Traditional Transformer models struggle with very long inputs because their attention systems become expensive as text grows longer. In contrast, recurrent models try to squeeze information into a fixed-size memory, often losing important details in the process.

To address this, Google’s approach combines the efficiency of recurrent models with the precision of Transformers. Titans is a new neural architecture that adds a dedicated long-term memory module capable of actively learning and updating information as data streams in, rather than relying solely on short-term attention or static memory vectors. 

Under the hood, Titans is built on the MIRAS framework, which treats sequence modelling as a process of continuously updating and using memory, rather than processing information in one fixed pass. Instead of compressing history into a static state, MIRAS treats memory, attention bias, retention, and update mechanisms as unified components that can adapt as the model processes input. 

Besides this, Google also introduced a new framework called Nested Learning (NL), which reframes how neural networks store information, learn from data and adapt over time.

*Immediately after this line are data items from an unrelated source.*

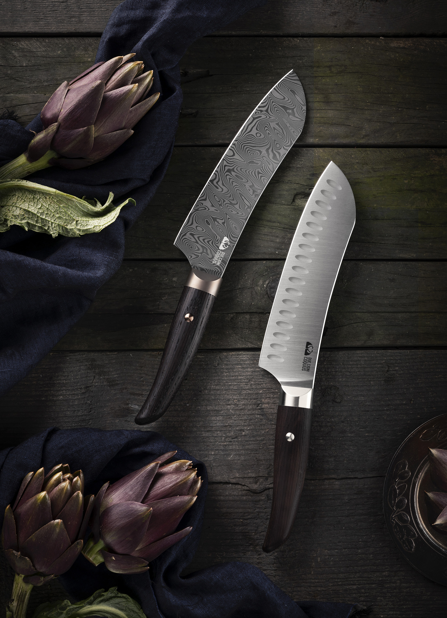 Coquus Heritage | Is characterized by an unmistakable style, a union of precious materials such as damask blades and modern ones such as the oxidized titanium bolster. The handle in granadillo, an original and unique wood, with a delicate essence that is a witness of time.
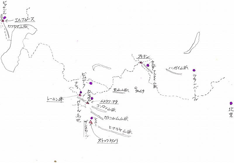 40 シルクロード シルクロードへの関心は高かったが、 西欧と全く異なる、不気味な社会体制である、 公共交通が発達していない、 治安が悪そうである、 言葉が通じない、 などから敬遠していた。特に自己手配・自由行動が基本の私には合わない。 しかし、関心が不安材料に勝り、ウェッブ情報から信頼できそうなガイド、ガイド会社を見つけ、 メールを何度も交換してガイド、ガイド会社と契約し、次の5つに出かけた。 ガイド、ガイド会社の管理の外に踏み出さなかったので、何ら問題はなかった。 これら5つのweb記事には山以外の風景が比較的多く含まれているの、頁を捲っていただきたい、 ![]() 昭文社「なるほど知図帳(のランベルト正規方眼図法 投影中心)」をコピーし作成している。
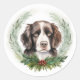 Sticker Rond Springer spaniel Noël Wreath Festive Pup
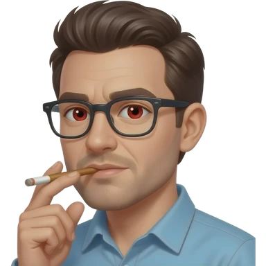 Chubby goofy looking middle aged white guy with dark brown, but graying hair and bloodshot eyes, Smoking A SUPER HUGE white and green smoking doobie emoji
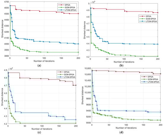To verify the improvement effect of the sine chaotic mapping operation and explore its role in enhancing the convergence speed and global search capability of the genetic algorithm, this experiment selected four standard datasets from the TSPLIB library (Tsp225, Lin318, U159, and Rat783) for testing. The experiment followed the steps described in Section 3.2.3, with parameters set to G = 200 iterations and NP = 300 population size. Through comparative experiments, the performance of the sine chaotic mapping operator (SCM-SPGA), Logistic–Tent chaotic mapping operator (LTCM-SPGA), and the traditional single-parent genetic algorithm (SPGA) were compared, with the experimental results shown in Figure 3.

They claim this approach may explain why current AI systems hit limits and how future models could move beyond them.

Together, these advances go beyond simple context windows, allowing AI systems to learn and retain information as they are used, without needing separate retraining later.

Other Notable Research 

20-year-old Dhravya Shah’s startup, Supermemory, is also working on providing more context toAI tools. 

Supermemory is designed as a universal memory layer for AI applications. The product takes unstructured data such as files, chats, emails, project updates, and PDFs, and converts it into a personalised knowledge graph for users across AI tools such as ChatGPT, Gemini, and Claude. These apps can then recall this memory to connect relevant information across time and platforms.

Meanwhile, researchers from China and Hong Kong have introduced General Agentic Memory (GAM). This dual-agent memory system keeps a complete record of history and recalls only the parts needed, helping models retain long conversations without over-compressing context. 

The Problem That Memory Cannot Solve

Despite these advances, Haritsa was careful to draw a rigid boundary around what abundant memory can and cannot fix.

“The fundamental problems of giving guarantees will not change,” he said. Enterprise and mission-critical systems still demand strict correctness, durability, and consistency. While large memory may make some problems easier, it does not remove the need to prove correctness.

According to Haritsa, the hardest part is still proving that these systems can be trusted in mission-critical and enterprise environments. That problem, he said, needs to be addressed from first principles.

In other words, infinite memory does not mean infinite trust. Where things get interesting, Haritsa argued, is at the boundary between classical databases and AI-driven systems.

Because of machine learning and LLMs, a new category of applications is emerging that does not require exact answers. “In many applications, it may not be necessary to give precise answers. An approximate answer may be okay,” he said.

This tolerance opens the door to probabilistic techniques that trade precision for speed, something traditional databases were never designed to do.

Where Precision Is Non-Negotiable

However, approximation has strict limits. “There are many applications in database systems like income tax filing, where it cannot be approximate,” Haritsa said. “They expect it to be correct.”

In these domains, traditional database techniques are still indispensable, as strong guarantees, precise answers, and deterministic behaviour are required by law and financial regulation.

“So when absolute precision is required,” Haritsa said, “all the old database technology is still required.”

In his view, databases and AI systems will coexist rather than replace each other. Databases will prioritise accuracy and trust, while AI systems will be more comfortable dealing with uncertainty.

Infinite memory will change how AI systems are built. But it does not remove the need for reliability. As Haritsa points out, databases and AI are evolving in parallel rather than replacing each other. Memory may expand what AI can do, but guarantees will continue to define where it can be trusted.